Electron Cryomicroscopy of Bacteriorhodopsin Vesicles: Mechanism of Vesicle Formation

Abstract

We obtained vesicles from purple membrane of Halobacterium halobium at different suspension compositions (pH, electrolytes, buffers), following the procedure of Kouyama et al. (1994) ( J. Mol. Biol. 236:990–994). The vesicles contained bacteriorhodopsin (bR) and halolipid, and spontaneously formed during incubation of purple membrane suspension in the presence of detergent octylthioglucoside (OTG) if the protein:OTG ratio was 2:1 by weight. The size distribution of the vesicles was precisely determined by electron cryomicroscopy and was found to be almost independent on the incubation conditions (mean radius 17.9–19 nm).

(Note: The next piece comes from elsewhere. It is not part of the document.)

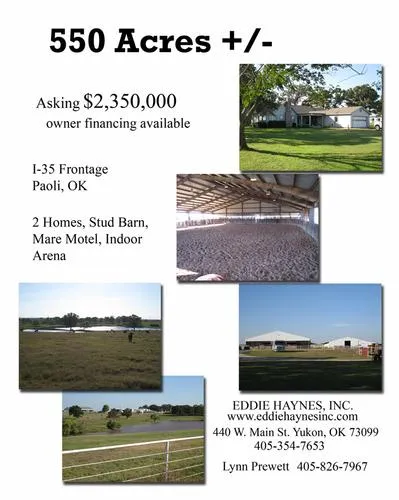 I-35 Frontage, 2 homes, stud barn, mare motel, Indoor Arena, owner financing available

The size distribution in a given sample was close to the normal one, with a standard deviation of ∼±1 nm. During dialysis for removal of the detergent, the vesicles diminished their radius by 2–2.5 nm. The results allow us to conclude that the driving force for the formation of bR vesicles is the preferential incorporation of OTG molecules in the cytoplasmic side of the membrane (with possible preferential delipidation of the extracellular side), which creates spontaneous curvature of the purple membrane. From the size distribution of the vesicles, we calculated the elasticity bending constant, K B ≈ 9 × 10 −20 J, of the vesicle wall. The results provide some insight into the possible formation mechanisms of spherical assembles in living organisms. The conditions for vesicle formation and the mechanical properties of the vesicles could also be of interest with respect to the potential technological application of the bR vesicles as light energy converters.